Campaigning
for clear, consistent, and significant understandings with key markets
in support of clearly defined marketing objectives begins with a brand
plan.
Every
company, product, and service has an identity, image, language, and
personality
that positions it best among competitors. What folks think about you is
either there by design or by default. Branding is the critical thinking
process that investigates and defines a market's needs as well as the
marketing goals, objectives, and
strategies necessary to fulfill those needs. It is a process of
establishing the metrics for optimizing and measuring
marketing success.
The
need for branding is centered in a growing understanding of how
communications
work.
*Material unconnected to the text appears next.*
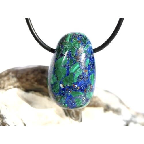 Azurit-Malachit (gepr.) Trommelstein gebohrt - ca. 2,9 cm x 1,8 cm x 1,7 cm
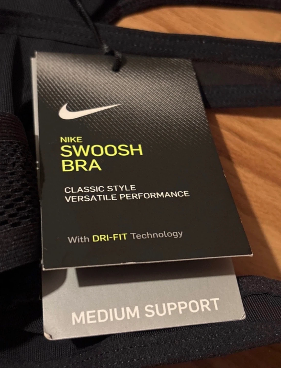 I'm selling a new Nike Swoosh Bra, perfect for medium support during workouts with DRI-FIT technology! This stylish and functional sports bra is designed to keep you comfortable and supported, whether you're hitting the gym or going for a run. I never got around to using it, so it's in pristine, new condition!

Brands are critical to how people remember what they've been
exposed
to. It is as applicable to B2B as it is to B2C marketing.
Much
more than the design of trademarks, trade names and logos, your brand
needs
to be a mnemonic matrix of values and benefits that best identifies and
positions you for markets. Before a brand works its way into design,
it’s
a process of research and discovery that ultimately identifies,
defines,
and positions you for strategic significance among markets and
competitors.
Your
markets, stake holders, peers, and other constituencies – i.e.,
strategic
partners, stockholders, opinion leaders in media, government,
lobbyists,
vendors, employees, competitors, etc. – perceive you from different
vantage
points. And, these perspectives often influence each other. There is
always
an acculturation process among and between you, your constituencies,
and
your competitors. Good branding ensures a marketing campaign stays on
message
often giving it the "legs" it needs to stand and defend itself on a
range
of levels and applications on its own.
A
good brand is also essential to cost-effective campaigning. It centers
the campaign, minimizes risks, and optimizes opportunities in support
of
your communications investment.
So,
while “brand speak” has created an aura and mystique for the concept in
recent years, the concept behind branding is actually pretty
simple: As perception is reality,
your
brand is you. It is the mnemonic trigger that recalls from the
subconscious
a matrix of facts, impressions, experiences, values, and feelings
people
have about you. It's the single idea that best positions you for
significance
among the competition with your markets and constituencies.
Strategic
significance is where all good campaigns begin.